On Fri, Aug 30, 2019, 12:45 AM JeanHeyd Meneide <phdofthehouse@gmail.com> wrote:
Well, the directives of the SG16 Direction Paper says to avoid excessive inventiveness....

I would be wary to any inventiveness in terms of departing from the Unicode spec , let's follow the recommendation of the Unicode consortium, they know better.

Because the unicode character database properties have pervasive uses in Unicode (staring with Normalization, and branching out from there), it would be incredibly hard to properly provide all of the C++ algorithms a chance to override the database used. You'd have to make sure every single algorithm can receive the database; or, define a "weak symbol" from the implementation which you then plug with your information. I don't know if the Timezone Database (tzdb) in chrono/date can help shed some light on how this might be done in a Modern C++ API without breaking implementer backs; looking there might be a good start.

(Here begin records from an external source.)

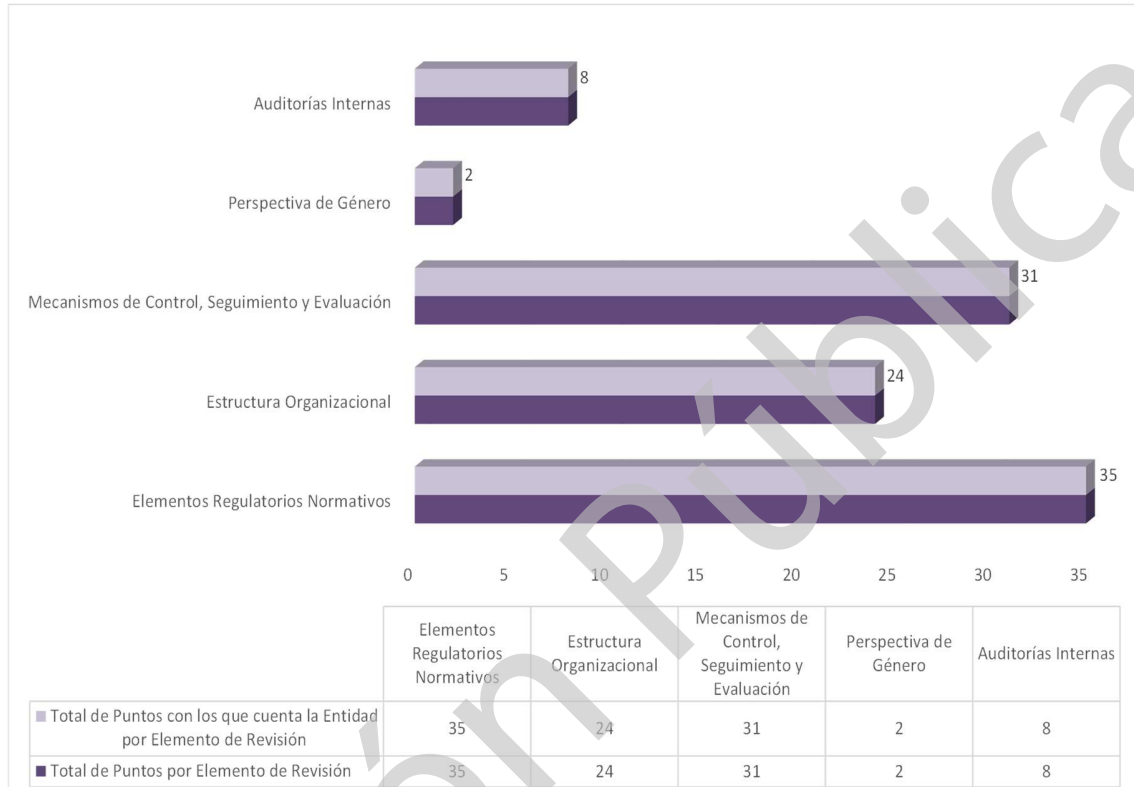
Grafica 1 Cumplimiento de los Mecanismos de Control Interno Ejercicio 2020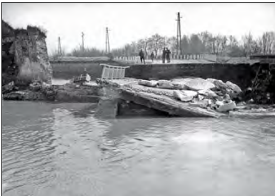
Důsledky povodně, která v březnu 1940 poničila opevnění Malé pevnosti a především silnici do Prahy. Památník Terezín, A 8369.

sahu nápisu uvedl: „Celou dobu, co jsme stáli u zdi, jsem přemýšlel, jak si jej vykládají sami Němci. Vyvodil jsem si z toho pro sebe takovou zásadu, že jsem se vždy chytal každé práce, která se naskytla, abych byl osvobozen.“ 16)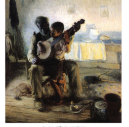
Ceviri: TÖLİN NUTKU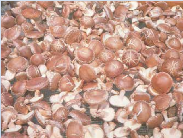
民國50年間本場場員種植香菇收成情形。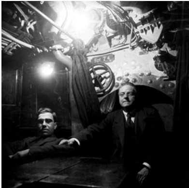
Interior d'un submarí alemany al port de Barcelona a principis del segle XX.

L'exposició en línia d'aquest any, preparada pels arxius del Baix Empordà , és 1918. La Gran Guerra des del Baix Empordà . Es presentarà a l'Arxiu Comarcal de la Bisbal el dia 8 de juny a les 19 hores. Els documents de Palafrugell que s'hi inclouen són dels fons de l'Ajuntament i de l'Hospital, de la premsa local, de la col·lecció de cartells i programes i fotografies de Josep Maimí Bonet.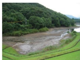
ため池の治水利用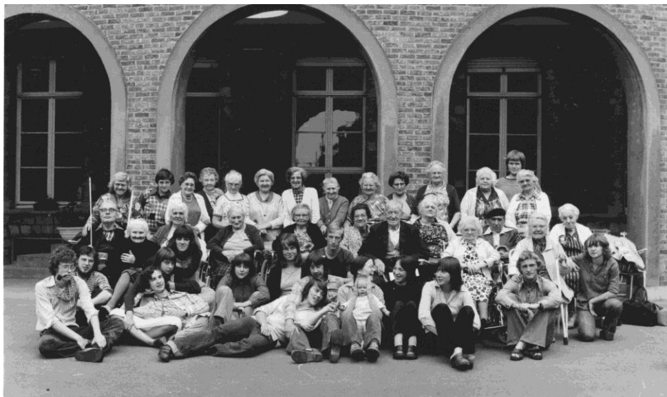
Vakantie te Dadizele (midden jaren '70)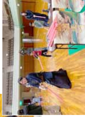
剣道エクササイズ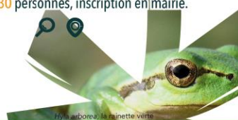
Hyla arborea, la rainette verte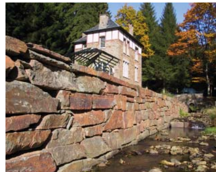
Manhay, Harre, Voorbeelden www.nelles-freres.com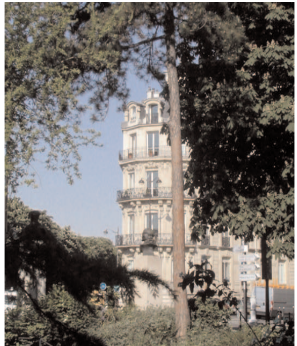
1, rue Franklin-Roosevelt (Place du Canada)

Franklin Delano Roosevelt est le trente-deuxième président des États-Unis. Seul président à avoir été élu pour quatre mandats successifs il eut à gérer les conséquences de la Grande dépression initiée par le krach boursier de 1929 en mettant en œuvre le New Deal une mesure qui influença durablement le pacte social américain. Responsable de la politique des États-Unis pendant la Seconde Guerre mondiale, il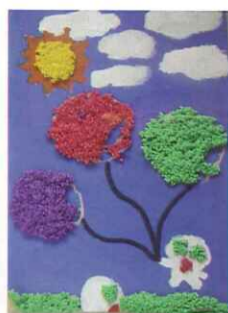
■ 五仁 游蕎甄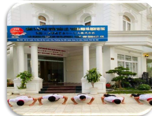
Kiểm tra thể lực (hít đất)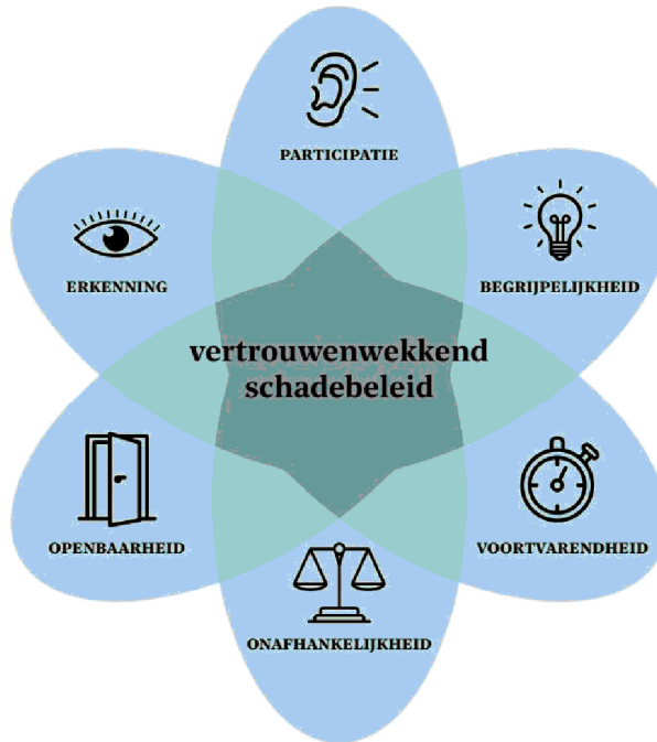
Figuur 1. Zes principes van vertrouwenwekkend schadebeleid. 51

Het herstellen van schade gaat bij vertrouwenwekkend schadebeleid niet om het repareren van een beperkt element, maar gaat – zeker in deze casus – om de basis van het overheidshandelen. Mensen hebben vertrouwensrelaties nodig omdat zij niet volledig zelfstandig kunnen handelen: vanaf de geboorte hebben we anderen nodig. We kunnen er niet zeker van zijn dat die anderen goedwillig jegens ons handelen, maar nemen een sprong in het diepe op basis van positieve verwachtingen over het gedrag en de intenties van de ander. 52 Als de overheid schade toebrengt en vertrouwensrelaties beschadigt, is er dus echt iets aan de hand. Het gaat weliswaar om het herstel van schade, maar dat is meer dan het bij elkaar vegen en aan elkaar lijmen van scherven; het gaat om het vertrouwen dat de overheid weet wat zij doet, dat zij haar positie goed gebruikt – en niet misbruikt – en dat er niet opnieuw scherven worden gemaakt. Het gaat dus om het gevoel van burgers of ze de overheid met al haar macht en kracht hun breekbare, kwetsbare en soms intieme details toevertrouwen. Burgers zijn afhankelijk van hun overheid, en burgers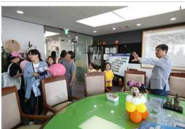
1일 구청장실 체험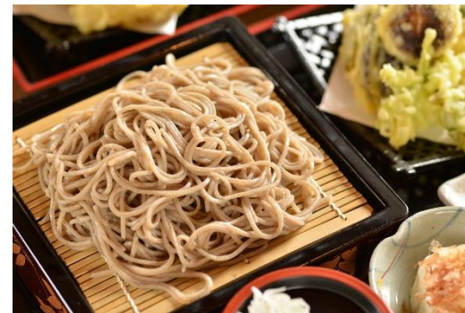
【そば処曲家のそば】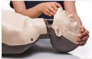
Inclinación de cabeza y elevación del mentón para abrir la vía aérea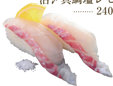
活メ真鯛塩レモン ..... 240円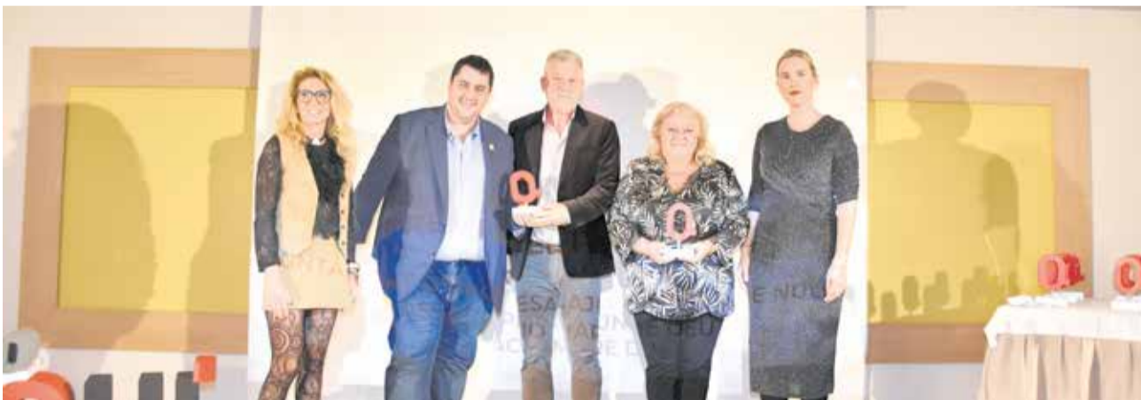
Premio Medio Ambiente a los ayuntamientos de Oropesa y Nules y la Asociación Mare de Déu del Carme. / P.G.

EDUCACIÓN La enseñanza de danza española y flamenco, el centro se transformó en 2017 en un espacio integrador y pluricultural, apoyado por el ayuntamiento. Busca la diversificación de niveles de danza y acoge a familias de diversas nacionalidades, convirtiéndose en un punto de encuentro inclusivo y socializador. Con más de 15 nacionalidades representadas, el Centro Cultural Andaluz de Peñíscola se destaca como la "torre de babel del flamenco en Castellón".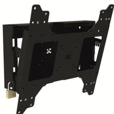
CONFIRE MWDI440 für Bildschirm und Computer

Timezones are different in that they change a lot, but then again it is not something users should be able to control and they can't. As I write this mail it is 8am my time. And as much as I would like to, I don't get to change that.


I'm still unsure if it's necessary but if it's going to be customizable we'd better make sure it's done right...

I argue it isn't desirable.
Wether 'a' is a letter is not a user decision.
Whether a private use character has some properties can be resolved with a user provided database and algorithms.
Note that tautologically, these properties would not be Unicode properties.

You can understand this message because we share a common understanding of what each group of black pixel means. PUA has it's uses but it doesn't call for standard tools because by definition it is not standard. If you start to have properties on user provided characters, then suddenly none of the algorithm follow the spec.



Best Wishes,
JeanHeyd